L’orologio con i Re Magi , ha un meccanismo che serviva ( verbo declinato al passato, dato l’uso odierna della tecnologia) ai marinai veneziani per conoscere il momento migliore per salpare, in base ai mesi, alle fasi della Luna e alle maree favorevoli.
Venezia come Genova, come Trieste, … città di mare, dello scambio commerciale marino, dei viaggi verso terre conosciute o ancora da conoscere, come appunto (ritornando al discorso iniziale) verso i nuovi Continenti.
Ritornando ai nostri Re Magi, se fino al 1400 se ne conoscevano tre, Europa, Asia e Africa, di lì a poco è arrivata, pardon, sono arrivate le Americhe e allora, giusto giusto a Trieste nella centralissima e meravigliosa Piazza Unità d’Italia c’è la Fontana dei quattro Continenti!
Circondate da rocce (rappresentano il Carso) e da pacchi, botti e tutto ciò che viene stivato in una nave, vi presento …
Europa …
Asia …
Africa …
e America!
Conoscete Trieste? Ci siete mai stati?

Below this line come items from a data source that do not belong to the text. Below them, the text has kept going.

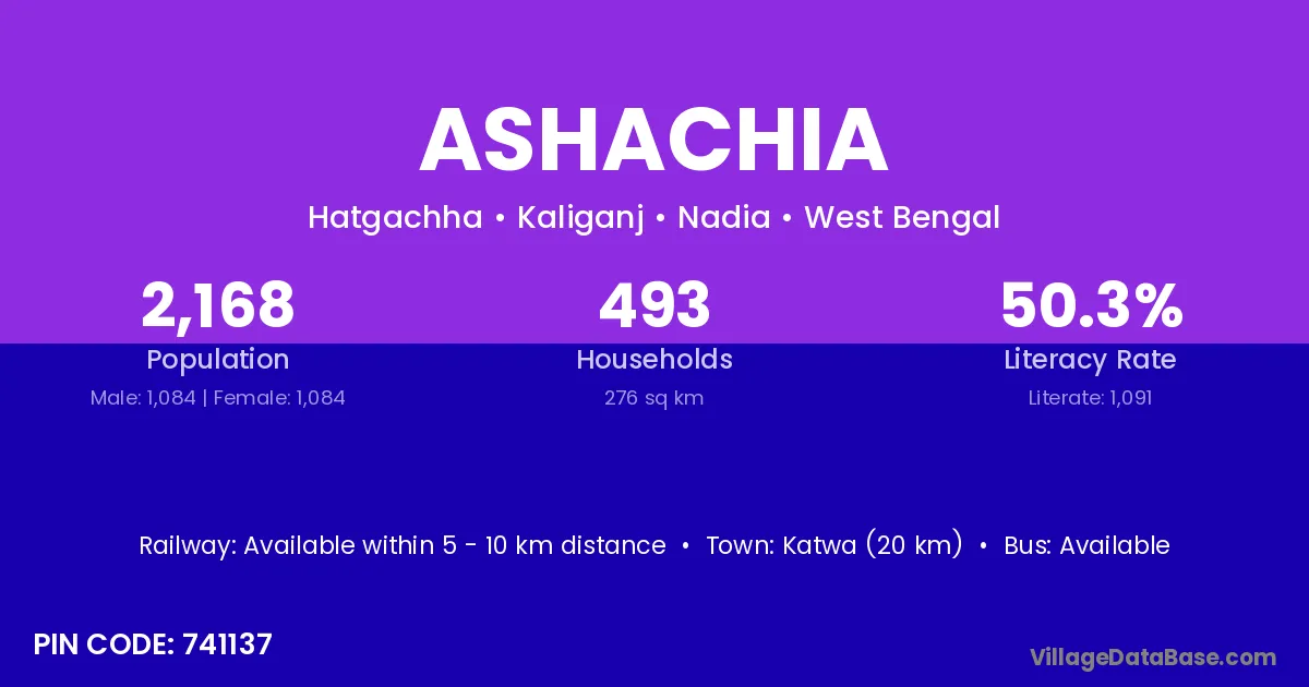 Katwa (20 km) is the nearest town to Ashachia village for major economic activities and is located approximately 20 km away.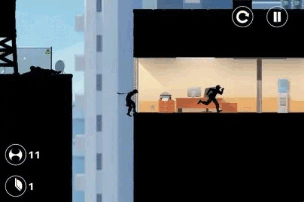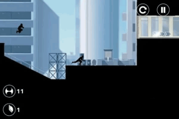 1、首先打开矢量跑酷最新版本,滑过最左边那个塔后不做任何动作,自动跑到人物所在的通道;
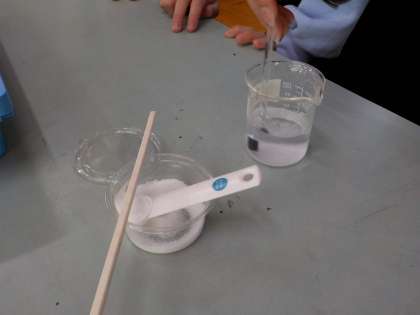 カードのイラストやスペルをもとに発音を確認したり、会話をしたりする学習をしました。 理科の学習では、ものの溶け方について実験を行いました。 食塩とミョウバンを水に溶かして、溶ける量や違いなどに注目して考察しました。 11/27 小平カルちゃんサラダ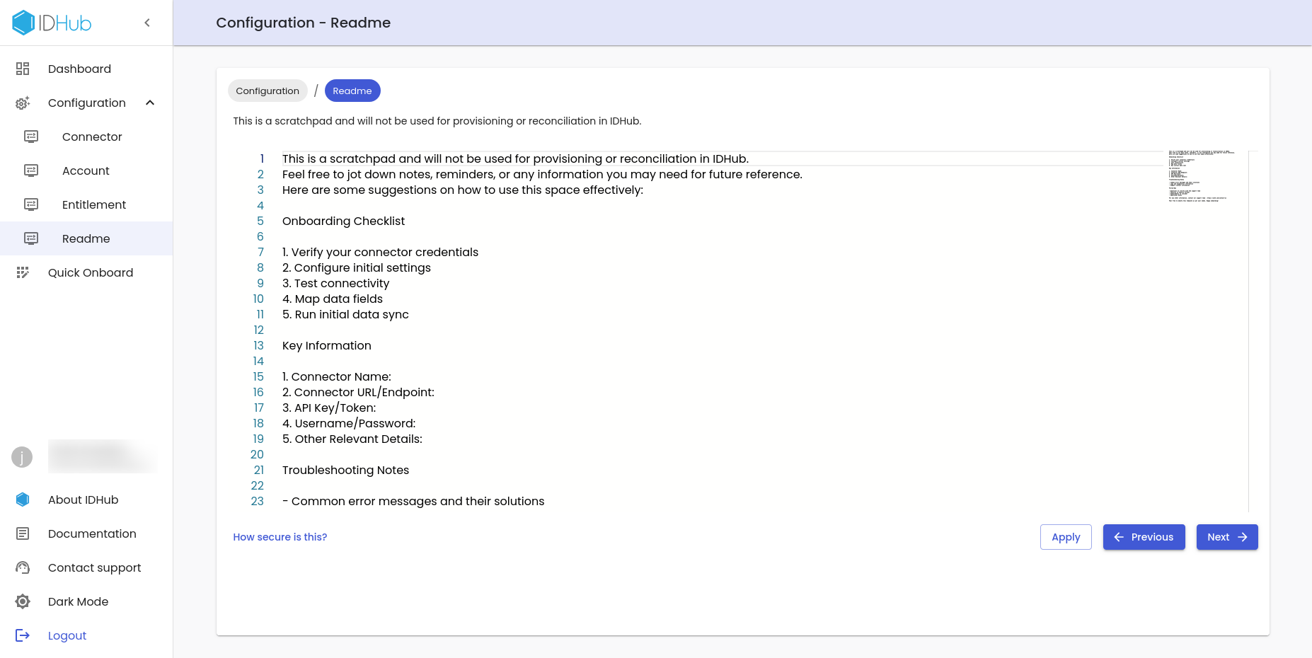 This page functions as the scratch pad for the connector configuration. Here you can enter any notes, reminders, or any information you may need for future reference for the connector configuration.

E’ un insieme “storico” di culture, religioni, lingue, storia, natura.
In “pochi metri” si passa dal periodo romano al periodo liberty (mi raccomando, naso all’insù), dal paesaggio carsico all’ambiente marino; dai luoghi di scienza/ fisica ai luoghi di studio rinomati (ricordando Margherita Hack),dalle librerie ai caffè storici (attenzione a come ordinate il caffè! 🙂 ) ,dalla Chiesa Greco-Orientale alla Sinagoga; da un Museo “all’aperto” ad una Grotta … e che grotta! Enorme! 🙂 anzi Gigante! 😉
Passeggiando in centro, si possono incontrare (le statue di) Italo Svevo, James Joyce e Umberto Saba e poi , dopo una sosta “romana” al Teatro, via lungo le rive ed al suo meraviglioso e sempre diverso palcoscenico del Mare! Con, in lontananza, i Castelli di Miramare e di Duino (con altre storie affascinanti di persone, di arte, di natura) e, più vicino, lo spettacolo delle tante colorate barche a vela o delle gigantesche navi da crociera, o della sagoma della Gru galleggiante Ursus, uno dei luoghi scelti per una famosa fiction televisiva. Non vedo l’ora che inizi la seconda serie! 🙂
Europa, Asia, Africa, America … e l’Australia? :0
Il quinto Continente è “arrivato” alla fine del 700 grazie al capitato Cook.
Ma già il matematico Pitagora (500 a.C.) ipotizzava l’esistenza di un Continente nell’emisfero australe. Altri studiosi, per il bilanciamento del peso dell’Europa e dell’Asia, pensavano ad un nuovo (e pesante) Continente nell’emisfero a sud dell’Equatore.
Prima del Capitano Cook, agli inizi del 1600, furono gli Olandesi ad avvistare le coste australiane ma vennero scambiate per isole della già nota Nuova Guinea. Il primo vero sbarco avvenne nel 1616 da parte del Comandante Dirk Hartog da cui prese il nome l’isola nella zona occidentale australiana – Dirk Hartog Island.
Se la osservate sulla Mappa Satellittare , vicino noterete la Shark Bay, la Baia dello Squalo: alla fine del 1600, una nave inglese sbarcò in questo luogo e fu grazie alla pesca di uno Squale Tigre che riuscirono a sopravvivere, dopo mesi di navigazione e le conseguenti ristrettezze alimentari.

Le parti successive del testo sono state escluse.